Graduate School of Electrical Engineering, University of Ulsan, Ulsan 680-749, Republic of Korea

Received 9 April 2014; Revised 7 June 2014; Accepted 8 June 2014; Published 10 July 2014

Academic Editor: Yu-Bo Yuan

Copyright © 2014 Joko Hariyono et al. This is an open access article distributed under the Creative Commons Attribution License, which permits unrestricted use, distribution, and reproduction in any medium, provided the original work is properly cited.

Abstract

This paper presents a pedestrian detection method from a moving vehicle using optical flows and histogram of oriented gradients (HOG). A moving object is extracted from the relative motion by segmenting the region representing the same optical flows after compensating the egomotion of the camera. To obtain the optical flow, two consecutive images are divided into grid cells pixels; then each cell is tracked in the current frame to find corresponding cell in the next frame. Using at least three corresponding cells, affine transformation is performed according to each corresponding cell in the consecutive images, so that conformed optical flows are extracted. The regions of moving object are detected as transformed objects, which are different from the previously registered background. Morphological process is applied to get the candidate human regions.

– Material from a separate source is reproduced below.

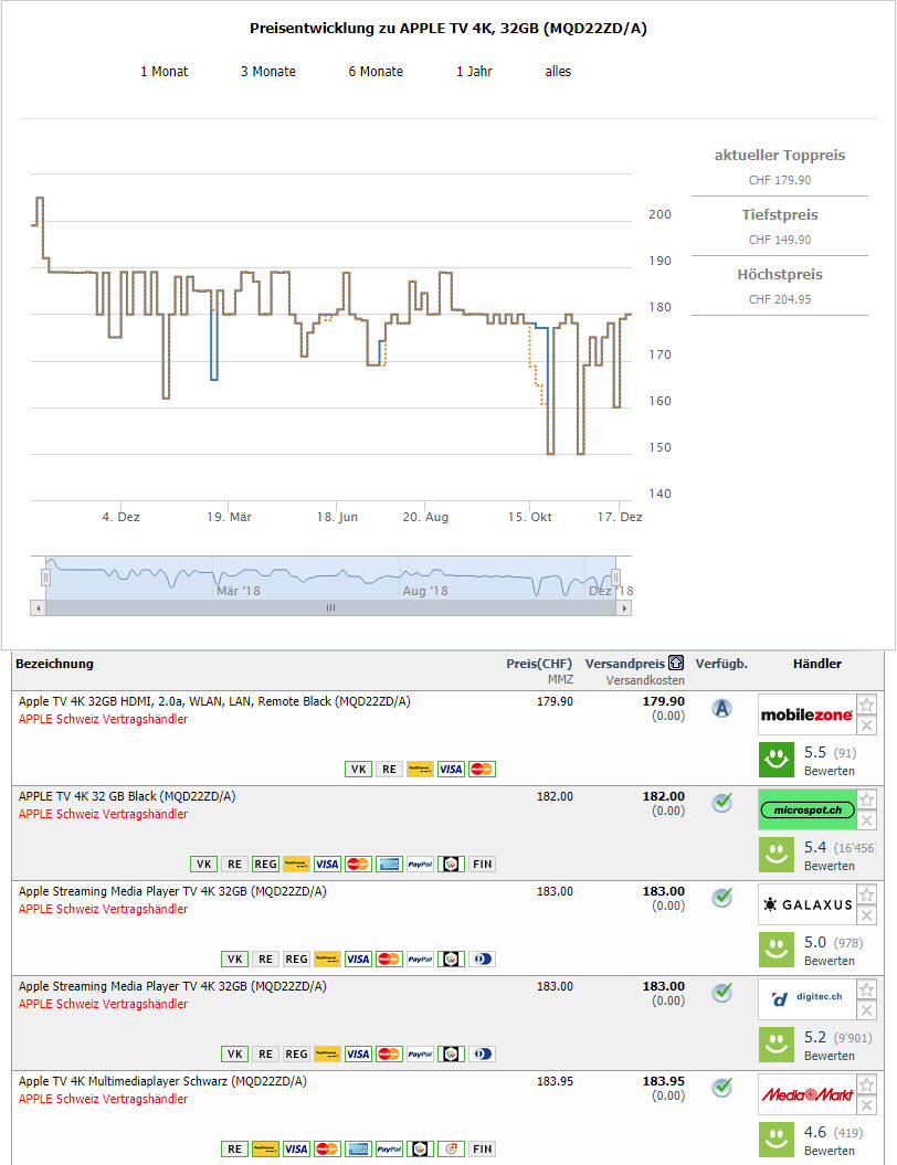 Der absolute Tiefstpreis lag im November mit dem FUST Gutschein mal für kurze Zeit bei CHF 129.90.

In order to recognize the object, the HOG features are extracted on the candidate region and classified using linear support vector machine (SVM). The HOG feature vectors are used as input of linear SVM to classify the given input into pedestrian/nonpedestrian. The proposed method was tested in a moving vehicle and also confirmed through experiments using pedestrian dataset. It shows a significant improvement compared with original HOG using ETHZ pedestrian dataset.